Quelques jours seulement après avoir pu remettre le pied sur le terrain des missions, le bureau du Hokage lui avait fait parvenir un ordre peu orthodoxe – en raison de son expérience dans le contrôle de foule au sein de la police militaire des Uchiha, il avait été désigné pour assister Hyuga Chiyo dans une mission consistant à calmer les relents de querelles entre bandes organisées dans le quartier le plus pauvre de Konoha. Dame Hokage, cependant, était mieux placée que personne pour savoir que « l’expérience » de Shishio au sein de la police militaire ne valait pas un clou. Pendant les deux ans qu’il y avait passés, il avait été le pire boulet que la milice Uchiha ait jamais eu à se traîner, s’attirant les moqueries et la colère de tous ceux qui avaient eu le malheur de travailler avec lui. De toute évidence, ce n’était pas pour cette raison qu’on l’avait envoyé sur place – même si c’était, sur le papier, une excellente justification pour qu’il soit sur cette mission sans que personne ne s’en étonne.
Connaissant sa tutrice, il n’avait donc qu’une petite poignée de possibilités pour expliquer sa présence. Soit elle souhaitait qu’il apprenne quelque chose sur lui-même au cours de cette mission… Soit elle souhaitait qu’il rencontre quelqu’un. Il ne connaissait la demoiselle Chiyo que de nom – obsédé comme il était par l’étiquette, il aurait été bien surprenant qu’il ne retienne pas le prénom de la Princesse Hyuga en personne – aussi il était bien trop tôt pour comprendre ce que Yurikô espérait de lui, cette fois-ci. Dans tous les cas, cette situation ne lui plaisait pas. Il faisait confiance à la Tadake et savait que, d’ici la fin de cette journée, il finirait par tomber d’accord avec elle ; c’était le flou qui précédait cette révélation qui le dérangeait véritablement.

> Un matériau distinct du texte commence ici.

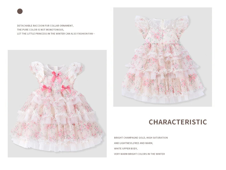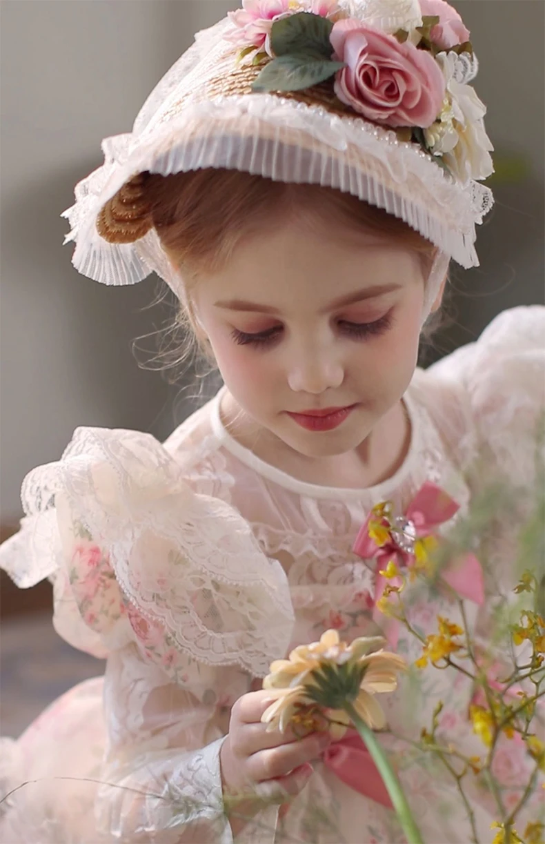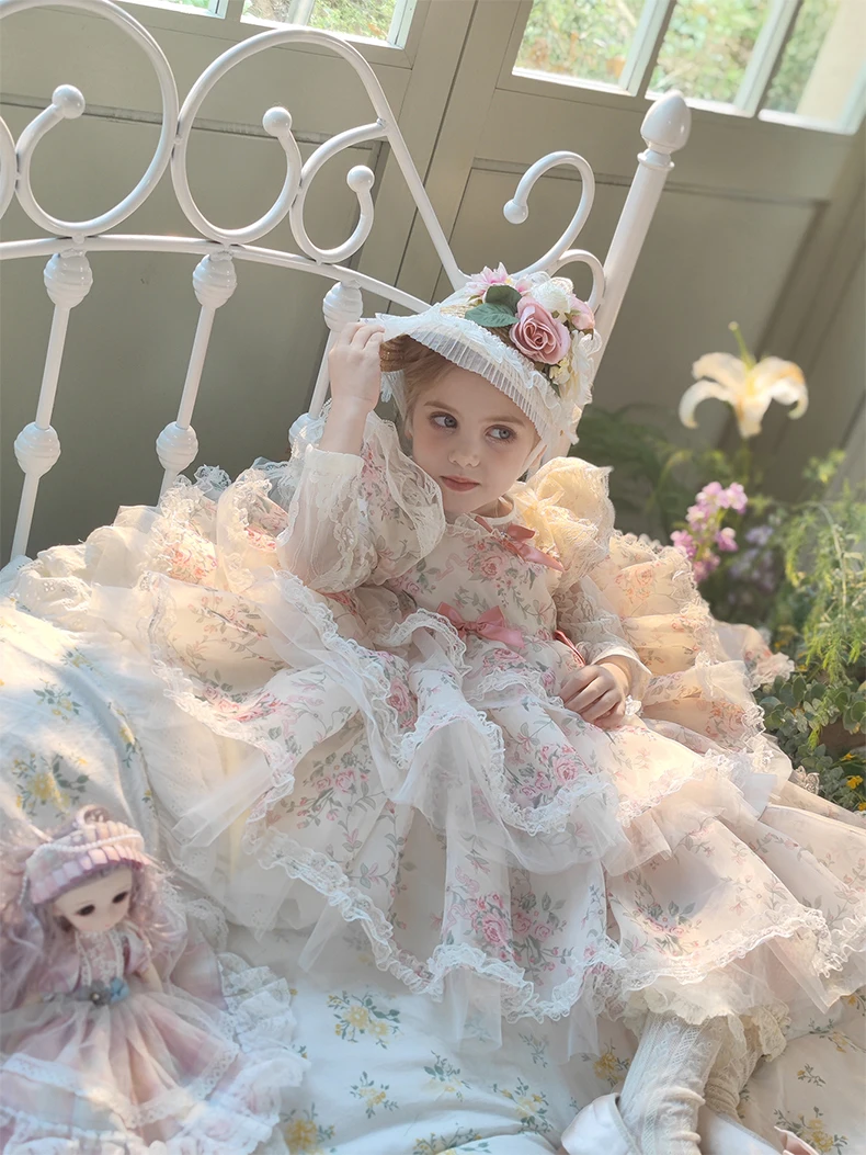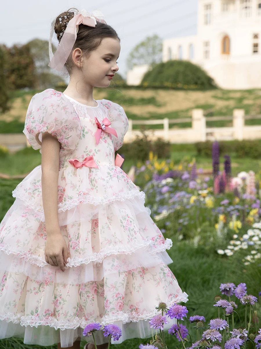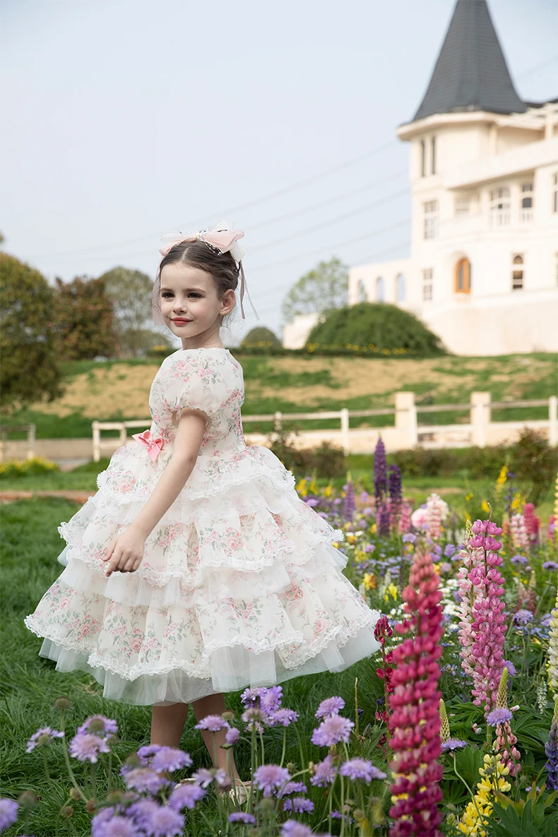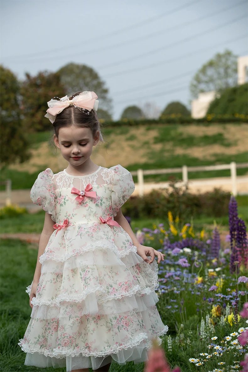 Spring Pink Girls Floral Dress Girls Birthday Princess Dress Lolita Girl Make Up Children’s Party Wedding Photography Clothes

Toujours était-il que, jusqu’à ce qu’il comprenne pourquoi lui, il lui restait une mission à accomplir. Ne sachant trop comment se présenter pour visiter un quartier pauvre, il avait décidé de faire sans ses habits marqués du signe des Uchiha cette fois-ci : après tout, il était bien placé pour savoir que son clan attirait de nombreuses rancœurs, particulièrement chez les habitants les plus défavorisés de Konoha. Il s’était donc vêtu d’un simple survêtement aux couleurs sombres brodé en fil rouge sombre de la feuille du village sur les épaules et le dos – une tenue sobre au possible – et s’était chargé de son sac à dos aux nombreuses lanières internes pour y stocker autant d’armes qu’il le pouvait. Il n’avait aucune idée de comment cette mission tournerait ; il espérait que tout puisse se régler par la diplomatie, mais il avait vu suffisamment de rixes entre organisations urbaines pour ne pas vouloir prendre un tel pari. S’il fallait se battre… Eh bien, au moins, il y serait prêt.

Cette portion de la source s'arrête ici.